Прощально лязгнул замок. Больше никто не придёт.
— Ну, сука, последние минуточки отживаешь, — угрожали снизу. — Мы тебе такую смерть придумаем, не рада будешь, что на свет родилась.
Бояться у Нины не осталось сил. Страх сменился тоской, а потом и вовсе равнодушием. Только время вдруг стало тягучим и липким и каким-то багровым. Невидимые часики тикают быстрее и быстрее, как будто стрелки их сходят с ума. И только немного жаль, что уже никогда не наступит рассвет.
Нет, он, конечно, придёт, будет искать улики по углам смрадного БУРа.
Дверь снова глухо, недовольно заскрипела. Зачем-то вернулся дежурный по лагерю.
— Аксёнова! — голос строгий, сердитый. — Выходи с вещами.
Нина сгребла в охапку телогрейку и миску.
«Даже стакана не осталось», — подумалось с горечью.
Дрожь унялась.
Майор Владимиров проснулся утром от странного чувства, которому не сразу смог найти определение.
А определение было до смешного простым: чувство вины.
Причина всплыла, конечно же, сразу: счастливое, растерянное лицо жены. И эта уже знакомая, чуть застенчивая интонация:
— Мишенька, у нас будет ребёночек.
И хотел, да не смог изобразить радость. И ладно бы, просто остался равнодушным, так нет же, вырвалось: «Куда нам третий ребёнок? Двоих бы на ноги поднять».
В двухкомнатной квартире было тихо.
— Маша, — позвал на всякий случай.
Такого никогда не бывало, чтобы утром жена не расталкивала ласково, не прижималась тёплыми губами к помятой щеке.
Всегда ведь раньше на полчаса встаёт, чтобы кашу сварить, чай вскипятить, мальчишек в детский сад собрать — всё, как положено, с тех самых пор, как поженились, все восемь лет. И вот на тебе.

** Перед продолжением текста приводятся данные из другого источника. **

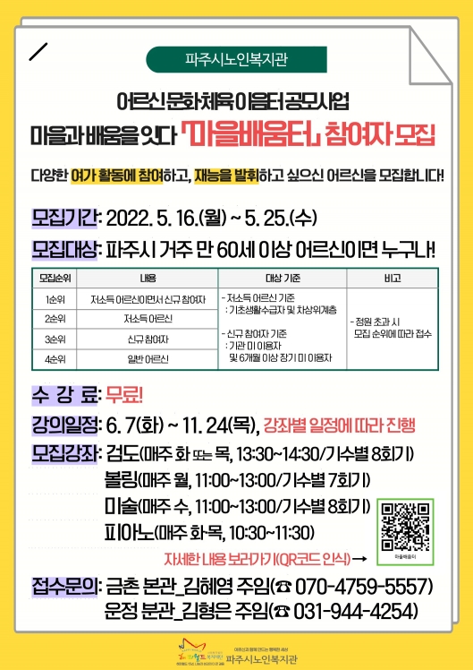 파주시 관내 거주 만 60세 이상 어르신이면 누구나 신청이 가능하고, 수강료는 무료이다. 각 프로그램별 모집 인원 및 문의사항은 파주시노인복지관( 070-4759-5557, 031-944-4254)으로 문의하면 된다.

Хоть бы будильник завела и мужу под ухо поставила. Знает же, какая ответственная работа у оперуполномоченного. Проспал — и трибунал. С законом шутки плохи. А особенно теперь.
Майор резким движением, чтобы соблазн поспать ещё немного не свалил обратно на подушки, отбросил одеяло, пружинисто встал на ноги и хрустнул, потягиваясь, пальцами сцепленных рук.
Укоризненно скосился на будильник на письменном столе. Тот в ответ противно зазвонил.
Позаботилась всё-таки Машка.
Но надо спешить.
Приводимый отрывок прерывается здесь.